Task brief: The material below holds pictures, which are to be left out; copy exactly the lines from the one with "三月十八日,十支總數(shù" through the one with "3月25日,游客在安徽省黄山".

Exercise material:
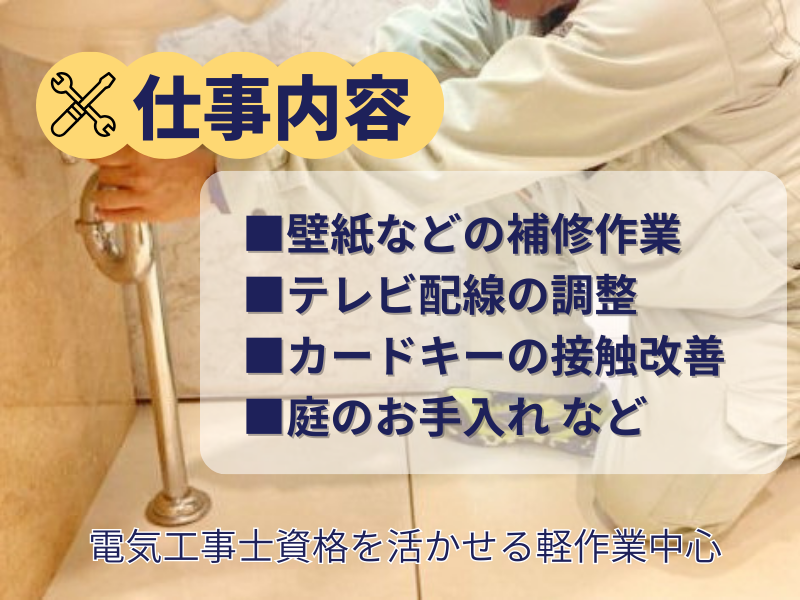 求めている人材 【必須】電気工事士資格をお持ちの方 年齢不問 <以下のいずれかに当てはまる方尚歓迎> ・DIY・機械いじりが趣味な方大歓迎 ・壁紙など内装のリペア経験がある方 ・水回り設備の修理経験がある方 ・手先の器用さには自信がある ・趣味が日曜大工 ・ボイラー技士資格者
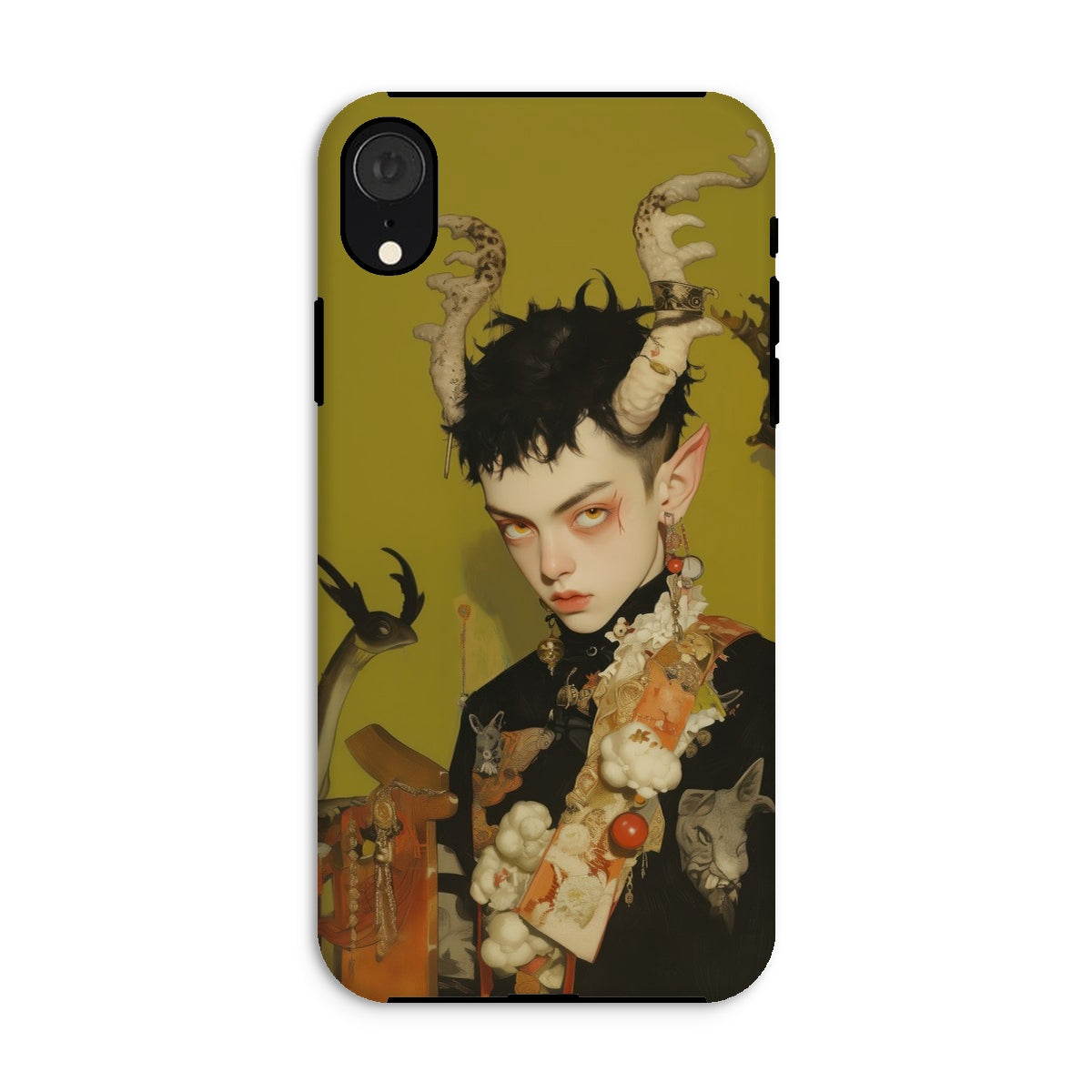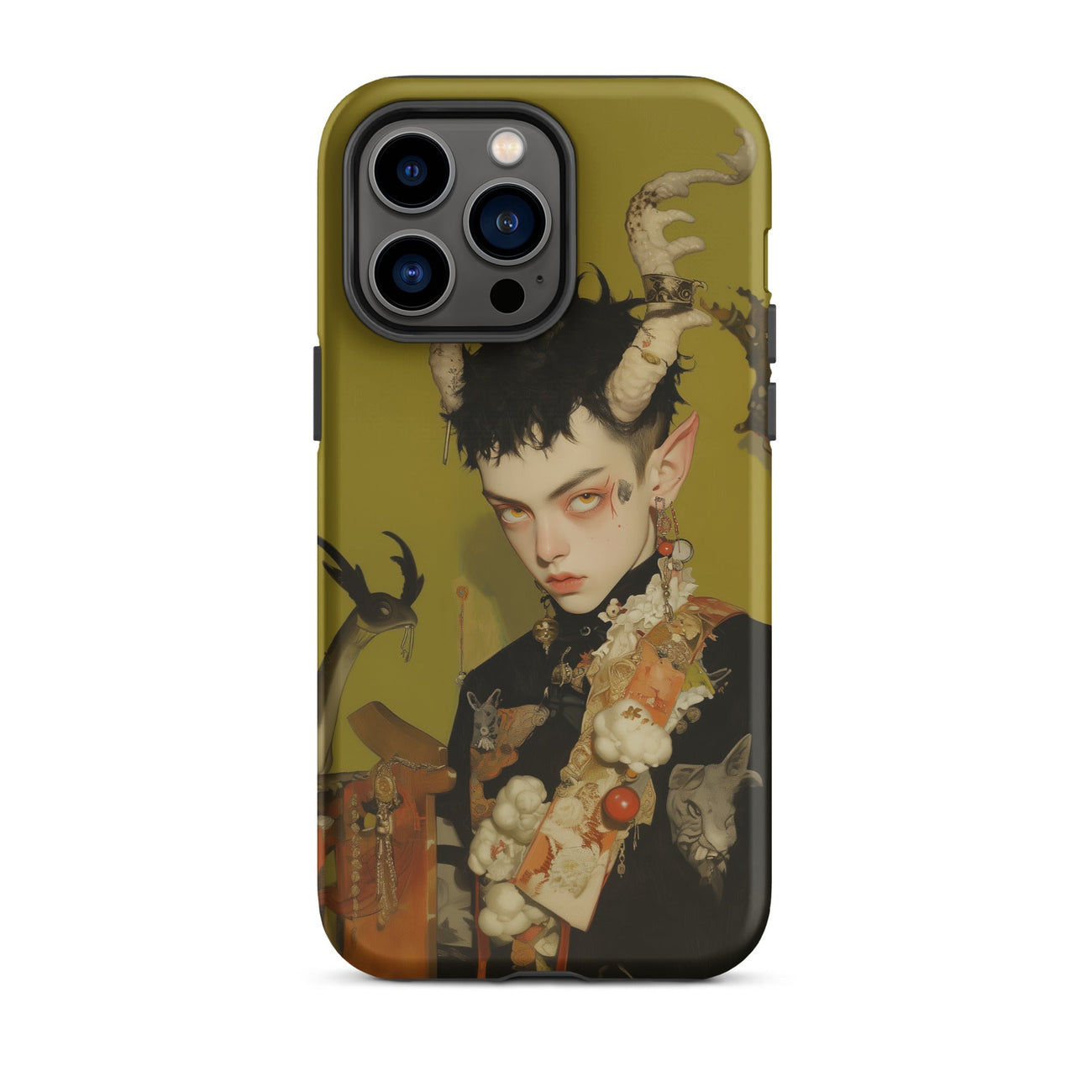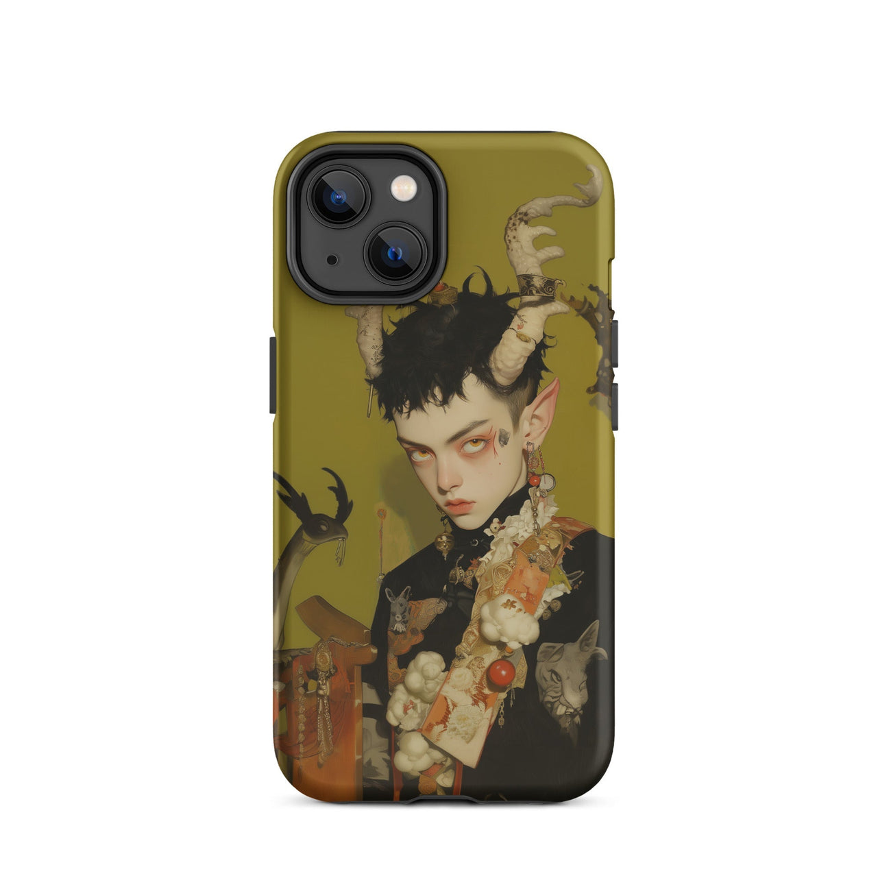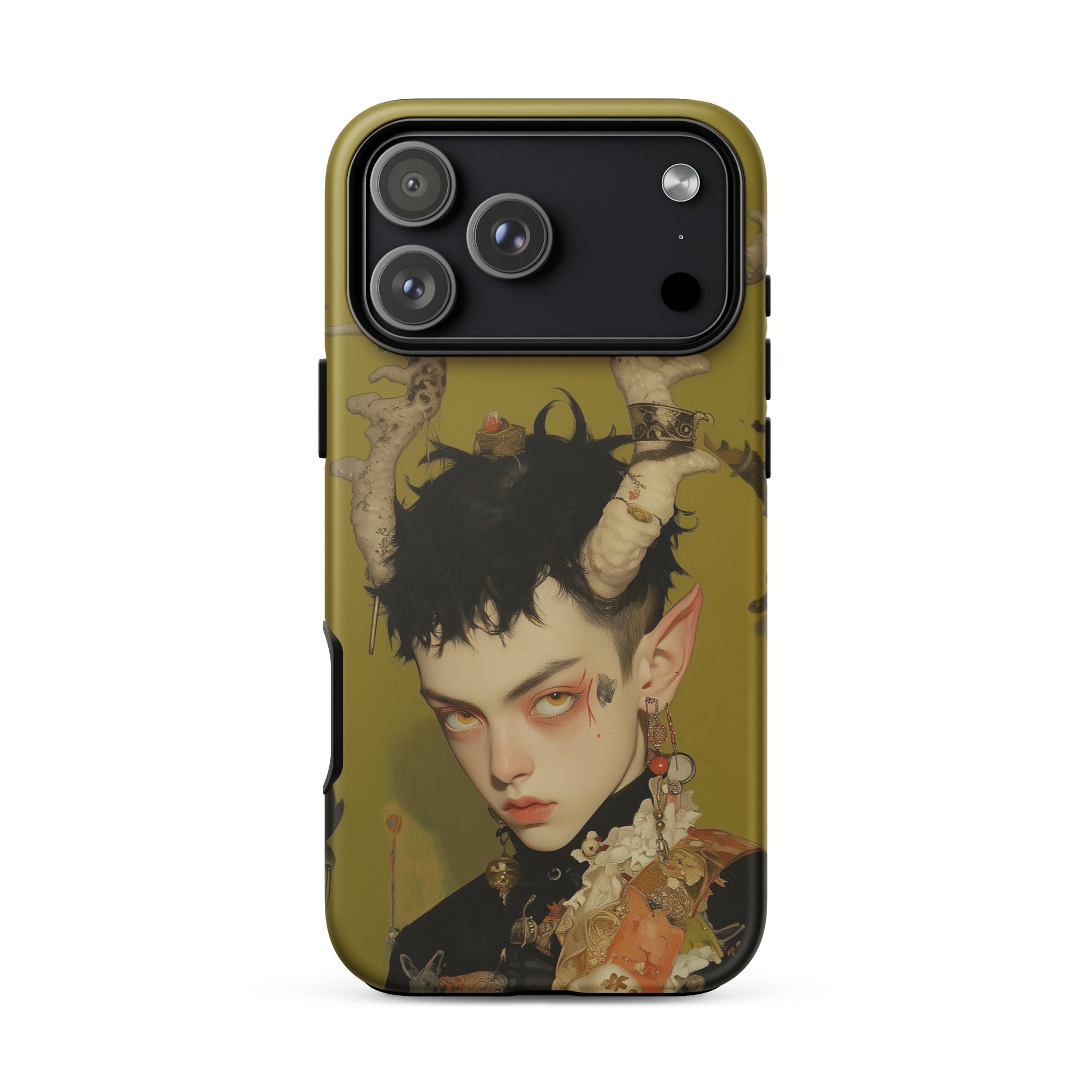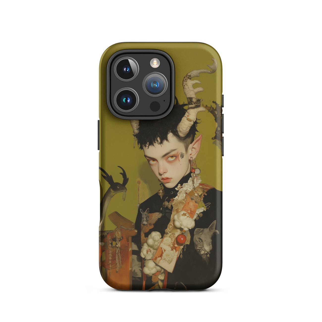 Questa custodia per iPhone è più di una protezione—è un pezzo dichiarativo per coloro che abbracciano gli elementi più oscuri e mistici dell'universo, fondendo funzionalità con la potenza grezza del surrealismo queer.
--
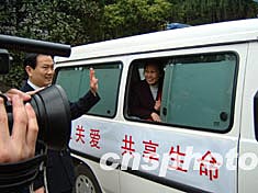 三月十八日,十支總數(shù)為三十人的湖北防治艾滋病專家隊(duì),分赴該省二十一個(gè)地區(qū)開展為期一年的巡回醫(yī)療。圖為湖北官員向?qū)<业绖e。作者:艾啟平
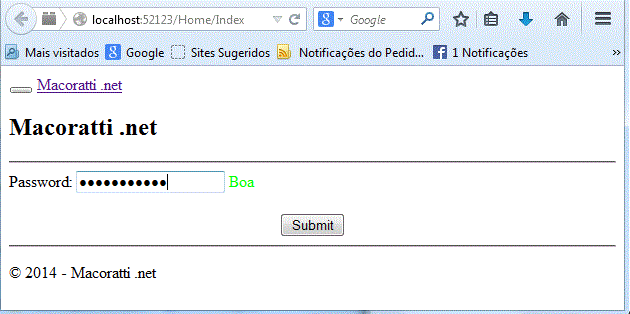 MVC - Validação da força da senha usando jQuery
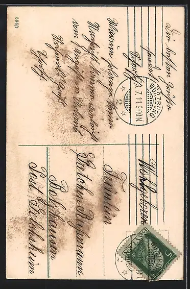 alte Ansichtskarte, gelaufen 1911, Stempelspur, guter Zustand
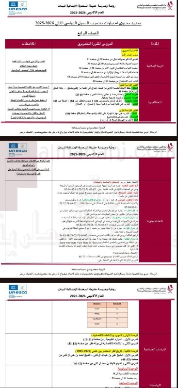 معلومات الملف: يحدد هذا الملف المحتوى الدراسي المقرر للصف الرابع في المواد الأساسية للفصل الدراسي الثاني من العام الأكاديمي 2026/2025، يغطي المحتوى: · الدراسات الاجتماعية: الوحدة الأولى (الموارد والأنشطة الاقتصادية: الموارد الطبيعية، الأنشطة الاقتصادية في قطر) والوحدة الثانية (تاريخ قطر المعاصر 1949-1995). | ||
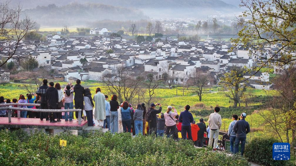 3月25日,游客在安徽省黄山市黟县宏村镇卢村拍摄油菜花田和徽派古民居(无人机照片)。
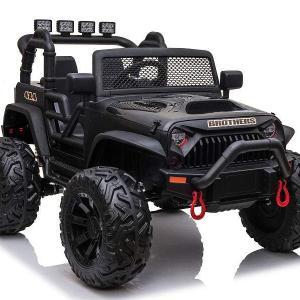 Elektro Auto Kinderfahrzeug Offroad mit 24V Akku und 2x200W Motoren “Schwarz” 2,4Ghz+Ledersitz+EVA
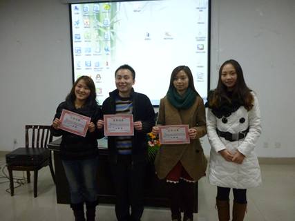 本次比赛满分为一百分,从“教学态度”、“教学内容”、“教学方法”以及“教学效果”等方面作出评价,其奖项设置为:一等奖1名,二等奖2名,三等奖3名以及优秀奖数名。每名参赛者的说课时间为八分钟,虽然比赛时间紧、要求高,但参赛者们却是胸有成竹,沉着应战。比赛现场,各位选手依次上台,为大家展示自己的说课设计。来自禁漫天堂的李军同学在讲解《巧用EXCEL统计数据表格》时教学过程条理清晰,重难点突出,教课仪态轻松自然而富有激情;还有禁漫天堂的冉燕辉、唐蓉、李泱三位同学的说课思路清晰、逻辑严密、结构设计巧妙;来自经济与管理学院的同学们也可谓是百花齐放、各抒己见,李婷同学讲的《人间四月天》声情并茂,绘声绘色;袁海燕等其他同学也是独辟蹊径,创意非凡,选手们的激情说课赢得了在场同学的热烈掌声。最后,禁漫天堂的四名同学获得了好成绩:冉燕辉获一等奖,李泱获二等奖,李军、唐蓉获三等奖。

Result for this task:
 三月十八日,十支總數(shù)為三十人的湖北防治艾滋病專家隊(duì),分赴該省二十一個(gè)地區(qū)開展為期一年的巡回醫(yī)療。圖為湖北官員向?qū)<业绖e。作者:艾啟平
 MVC - Validação da força da senha usando jQuery
 alte Ansichtskarte, gelaufen 1911, Stempelspur, guter Zustand
 معلومات الملف: يحدد هذا الملف المحتوى الدراسي المقرر للصف الرابع في المواد الأساسية للفصل الدراسي الثاني من العام الأكاديمي 2026/2025، يغطي المحتوى: · الدراسات الاجتماعية: الوحدة الأولى (الموارد والأنشطة الاقتصادية: الموارد الطبيعية، الأنشطة الاقتصادية في قطر) والوحدة الثانية (تاريخ قطر المعاصر 1949-1995). | ||
 3月25日,游客在安徽省黄山市黟县宏村镇卢村拍摄油菜花田和徽派古民居(无人机照片)。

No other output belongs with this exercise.